To be successful in overcoming these challenges, a whole mine approach would be required including taking into account of mining operations, maintenance procedures, fuel quality, ventilation provisions, monitoring protocols and well-organised education and training programs. In this regard due recognition must be accorded to the advice and guidance provided in publications produced by the various State Mines Departments including the ‘Guideline for management of diesel emissions in Western Australian mining operations’ produced by the Minerals Industry Advisory Council (MIAC) of the Western Australian Department of Mines and Petroleum, not to mention the equally informative Guidelines of New South Wales’ MDG 29 and Queensland’s QGN 21.
Included in these and other documents references are made to a hierarchy of controls such as:
- replacement of diesel powered plant and equipment with electrically operated equivalents
- use of lower emission fuel eg ultra-low sulphur fuel and/or bio-diesel blends
- improving mine ventilation systems eg using the main return airway for material transport and/or use Ventilation on Demand to improve localised conditions when appropriate
- isolate personnel wherever possible in enclosed pressure controlled cabs or alternatively use respiratory protection for those working in high exhaust emission environments
- keep up to date with relevant/recent research outcomes and consider full-scale trials of newly developed systems such as CSIRO’s Acoustic Agglomeration system and Exhaust Catalyser
- ensure the highest level of communication with, and education and training of, all employees.

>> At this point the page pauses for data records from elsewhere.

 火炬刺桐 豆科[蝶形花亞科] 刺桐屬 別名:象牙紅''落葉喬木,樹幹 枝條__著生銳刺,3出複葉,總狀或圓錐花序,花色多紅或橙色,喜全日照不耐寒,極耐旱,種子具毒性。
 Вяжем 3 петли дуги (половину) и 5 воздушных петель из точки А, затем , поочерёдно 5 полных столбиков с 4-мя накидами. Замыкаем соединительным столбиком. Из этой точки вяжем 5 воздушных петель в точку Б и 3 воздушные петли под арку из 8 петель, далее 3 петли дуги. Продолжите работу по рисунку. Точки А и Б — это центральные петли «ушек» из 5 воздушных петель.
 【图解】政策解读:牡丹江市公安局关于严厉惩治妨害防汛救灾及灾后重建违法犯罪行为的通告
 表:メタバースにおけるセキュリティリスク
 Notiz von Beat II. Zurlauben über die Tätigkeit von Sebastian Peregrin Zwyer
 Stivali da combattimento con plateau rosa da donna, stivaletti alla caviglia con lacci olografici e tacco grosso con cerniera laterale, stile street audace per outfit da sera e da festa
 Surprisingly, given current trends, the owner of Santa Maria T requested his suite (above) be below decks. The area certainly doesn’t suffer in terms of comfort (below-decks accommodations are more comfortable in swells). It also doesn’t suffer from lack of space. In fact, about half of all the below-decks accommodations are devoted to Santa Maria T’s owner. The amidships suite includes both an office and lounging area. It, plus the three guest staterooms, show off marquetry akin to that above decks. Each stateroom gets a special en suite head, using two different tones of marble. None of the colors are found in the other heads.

As indicated throughout this article, there is a growing body of evidence indicating that the inhalation of diesel exhaust products can adversely and possibly seriously affect human health, and this must especially be the case for those employed in underground hard-rock mines where diesel equipment predominate.

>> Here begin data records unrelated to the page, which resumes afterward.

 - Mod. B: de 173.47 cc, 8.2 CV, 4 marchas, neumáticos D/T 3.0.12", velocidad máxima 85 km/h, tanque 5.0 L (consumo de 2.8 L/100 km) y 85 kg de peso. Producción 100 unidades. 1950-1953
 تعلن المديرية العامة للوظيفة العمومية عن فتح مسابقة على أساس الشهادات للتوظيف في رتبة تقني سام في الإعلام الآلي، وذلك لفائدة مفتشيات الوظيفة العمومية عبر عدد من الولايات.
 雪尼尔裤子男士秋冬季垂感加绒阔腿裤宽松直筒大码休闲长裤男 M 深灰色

Consequently, it is suggested that in parallel with the ongoing NHMRC sponsored epidemiological study, a thorough review of the atmospheric conditions prevailing in Western Australian underground mines would be an appropriate first step to assess the scale of the challenge we face. We know the equipment is available as indicated by NIOSH’s research work at its experimental mine and the recent laboratory tests carried out at Queensland University of Technology. Consequently, it is up to the industry to take ownership of this challenge and in doing so lead the way to demonstrate, once again, that safety and cost-effective mining can always be complementary, providing the management strategy is soundly evidence based.